Hay muchas maneras de contar una historia. Las posibilidades son infinitas, porque los buenos escritores (con el tiempo y la práctica) acaban descubriéndose a sí mismos: toman conciencia de su forma de narrar, infinitamente única, sugerente, identificable, personal.  Los buenos escritores, tarde o temprano, acaban descubriendo su opción de estilo, su propia voz.

En cualquier manual de escritura encontraremos listas de narradores a los que puedes recurrir para contar tu historia: omnisciente, testigo, primera persona… no hablaremos de ellos en este momento. Hoy quiero que entiendas que, en buena medida, el atractivo de tu novela depende de la identidad de la voz que la cuenta. Y es que, cuando valoro originales, observo que muchos autores no le dedican el tiempo que requiere la creación de un personaje fundamental: aquel que explica qué fue lo que pasó.

El narrador se sitúa junto al lector con un único objetivo: acercarlo al protagonista, conseguir que se sienta profundamente intrigado por su persona, por el conflicto que se plantea, por la particularidad de las circunstancias que lo rodean.

Como indica Mateo Coronado en su obra Escribir, crear, contar, la función del narrador es conseguir que el lector perciba al protagonista como alguien que es tan real y cercano como uno mismo.

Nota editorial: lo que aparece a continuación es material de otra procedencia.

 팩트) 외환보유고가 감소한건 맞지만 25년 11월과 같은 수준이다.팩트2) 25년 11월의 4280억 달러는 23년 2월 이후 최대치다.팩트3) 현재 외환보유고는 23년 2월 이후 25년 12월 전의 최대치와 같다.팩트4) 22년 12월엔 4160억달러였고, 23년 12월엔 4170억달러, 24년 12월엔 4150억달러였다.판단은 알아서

Lo es tanto, que creemos en él desde el momento en que sube al escenario.

Es muy importante que comprendas que tú no eres el narrador, que quien cuenta la historia tiene una voz y una mirada propias respecto a lo que sucede; una mirada y una voz que, quizás, no tengan nada que ver contigo. Una mirada que nos invita a visualizar detalles de lo cotidiano como si lo redescubriéramos, como si lo viéramos por primera vez.

Leamos…

Hoy me gustaría que dedicaras unos minutos a la lectura. He seleccionado fragmentos de obras cuyas voces narrativas destacan por el acierto con que se han construido. Por su densidad, por la manera como se ajustan a la historia que se cuenta, por la forma como se describen y se muestran las particularidades del personaje que constituye el motor de la narración. Disfruta de ellas y fíjate en la forma como, sin darnos cuenta, nos invitan a sumergirnos en el relato.

Humbert Humbert (Lolita,  Vladimir Nabokov)

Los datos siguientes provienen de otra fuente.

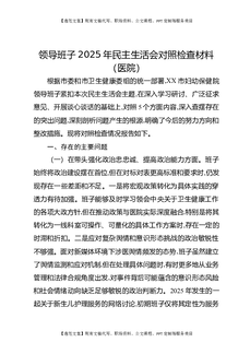 领导班子2025年民主生活会对照检查材料(医院).docx

Sabemos que nadie habla como Humbert, el amante pedófilo de Lolita. Pero el protagonista de esta historia se formó en Inglaterra, en un colegio exclusivo. Estudió literatura, así que su registro formal y su tono ampuloso, poco natural, resultan coherentes y reflejan con exactitud su punto de vista y su personalidad. Fíjate bien…

«Lolita, luz de mi vida, fuego de mis entrañas. Pecado mío, alma mía. Lolita: la punta de la lengua emprende un viaje de tres pasos desde el borde del paladar para apoyarse, en el tercero, en el borde de los dientes. Lo.Li.Ta.

Era Lo, sencillamente Lo, por la mañana, un metro cuarenta y ocho de estatura con pies descalzos. Era Lola con pantalones. Era Dolly en la escuela. Era Dolores cuando firmaba. Pero en mis brazos era siempre Lolita.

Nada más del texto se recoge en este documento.